Metadata-Version: 2.1
Name: nanbi
Version: 0.0.1
Summary: A framework that allows the definition of data transformations in a composable way, agnostic of data processing engine.
Author-email: Eduardo Emery <emeryecs@gmail.com>
License: MIT License
        
        Copyright (c) 2022 Eduardo Emery
        
        Permission is hereby granted, free of charge, to any person obtaining a copy
        of this software and associated documentation files (the "Software"), to deal
        in the Software without restriction, including without limitation the rights
        to use, copy, modify, merge, publish, distribute, sublicense, and/or sell
        copies of the Software, and to permit persons to whom the Software is
        furnished to do so, subject to the following conditions:
        
        The above copyright notice and this permission notice shall be included in all
        copies or substantial portions of the Software.
        
        THE SOFTWARE IS PROVIDED "AS IS", WITHOUT WARRANTY OF ANY KIND, EXPRESS OR
        IMPLIED, INCLUDING BUT NOT LIMITED TO THE WARRANTIES OF MERCHANTABILITY,
        FITNESS FOR A PARTICULAR PURPOSE AND NONINFRINGEMENT. IN NO EVENT SHALL THE
        AUTHORS OR COPYRIGHT HOLDERS BE LIABLE FOR ANY CLAIM, DAMAGES OR OTHER
        LIABILITY, WHETHER IN AN ACTION OF CONTRACT, TORT OR OTHERWISE, ARISING FROM,
        OUT OF OR IN CONNECTION WITH THE SOFTWARE OR THE USE OR OTHER DEALINGS IN THE
        SOFTWARE.
        
Project-URL: Homepage, https://github.com/EEmery/nanbi-python
Keywords: data,transformation,pandas,SQL,Spark
Classifier: License :: OSI Approved :: MIT License
Classifier: Programming Language :: Python
Classifier: Programming Language :: Python :: 3
Requires-Python: >=3.8
Description-Content-Type: text/markdown
Provides-Extra: dev
License-File: LICENSE

# Nanbi


>*Nanbiquara*: speech of smart people, of clever people
>- Translated from the [Tupi Guarani Illustrated Dictionary](https://www.dicionariotupiguarani.com.br/dicionario/nanbiquara/)

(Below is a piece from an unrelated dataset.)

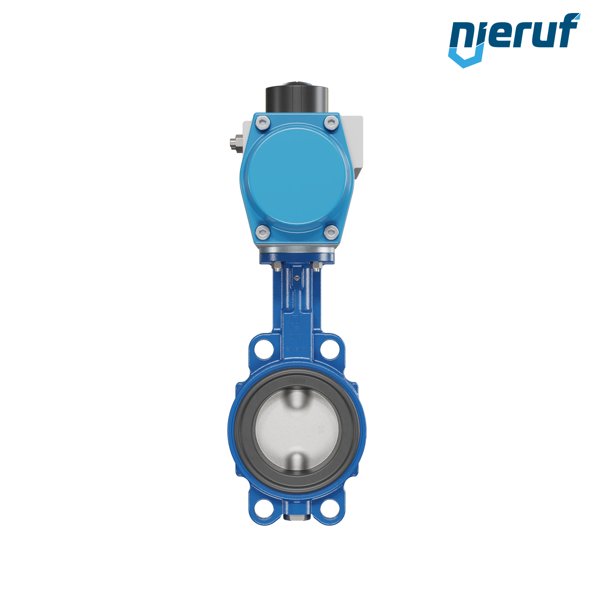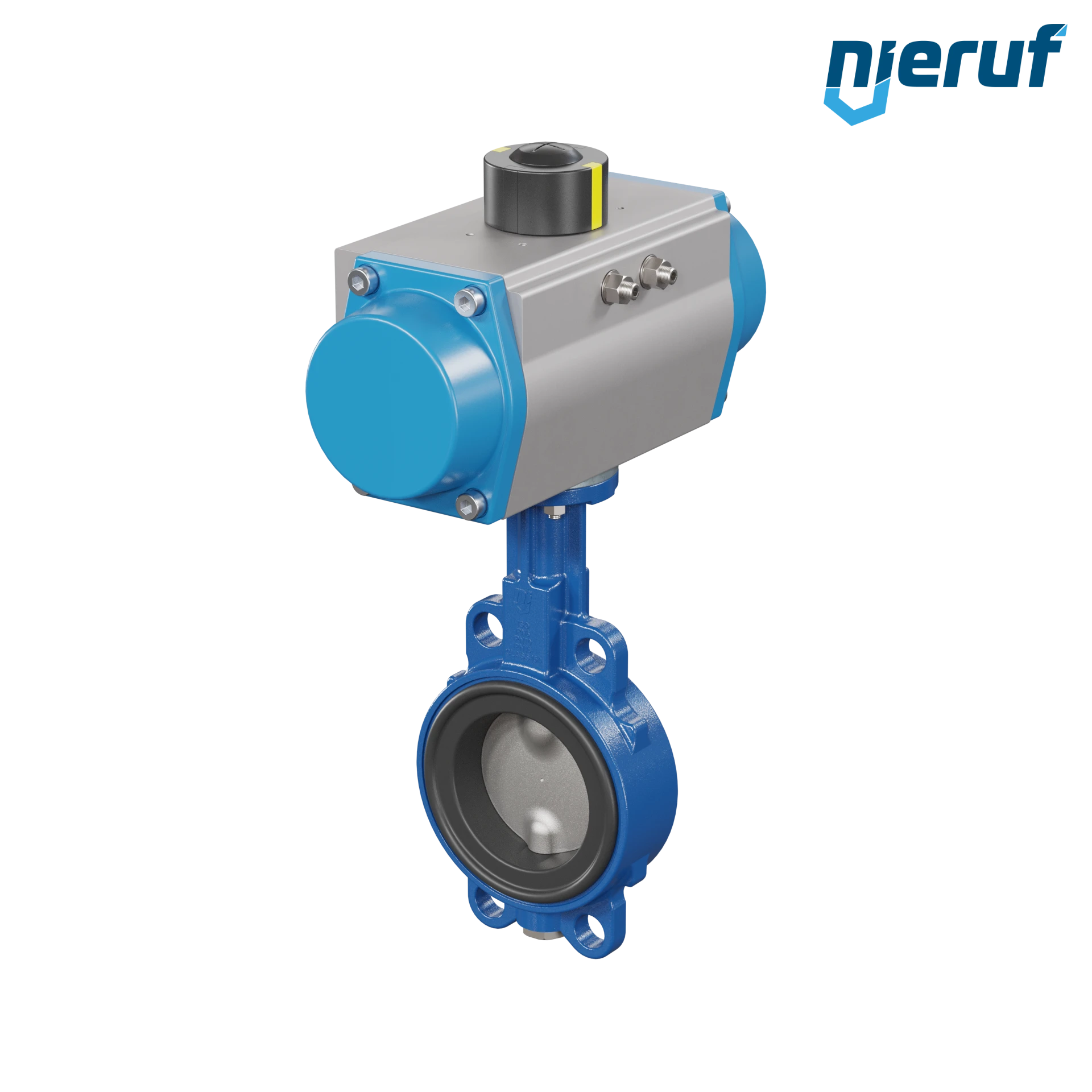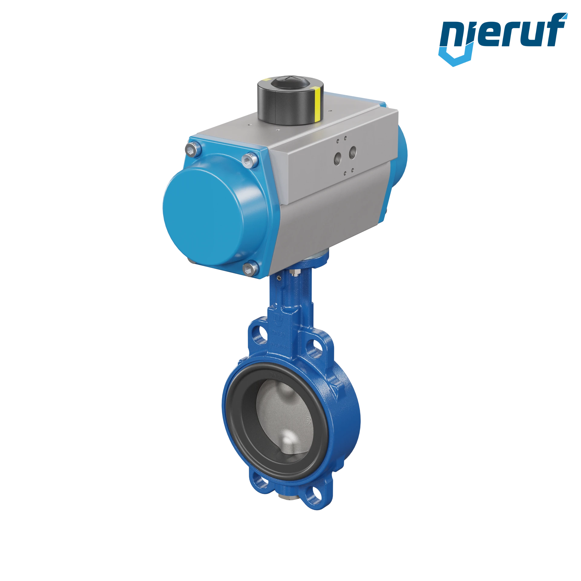 Absperrklappe DN 80 mit Zentrieraugen Gehäuse aus Sphäroguss mit pneumatischer Schwenkantrieb einfachwirkend federschließend Manschette aus EPDM DVGW Trinkwasser, WRAS, ACS, W270

Nanbi is a framework that allows you to define data transformations in a composable way, agnostic of data processing engine (Pandas,  mySQL, Spark etc).
- Its syntax is *sql-like*, inspired by PySpark and Scala-Spark approaches
- It allows you to define a set of data transformations in a more composable way than SQL, for example, allowing for better readability specially on complex queries
- It allows you to execute your data transformations definitions in multiple engines (Pandas, mySQL, Spark etc) without having to change the data transformation definition

>Nanbi is right now under the initial stages of development. It's not fully ready for a version 1. So far, there is no compatibility with engines other than Pandas.
>
>Please get in touch if you have interest in using Nanbi on your work or personal project. Feature requests are welcome.


## Setup

>While the library isn't published in PyPI
1. Clone the repo
2. Create a symlink to the repo
- TODO(eemery): Add installation details once package gets published in PyPI

## Getting Started

### 1. Creating a DataFrame

Nanbi uses the concept of a `DataFrame` to represent a table and its annotations (or metadata). Currently, Nanbi supports the creation of DataFrames from Pandas DataFrames and CSV files (using Pandas behind the scenes).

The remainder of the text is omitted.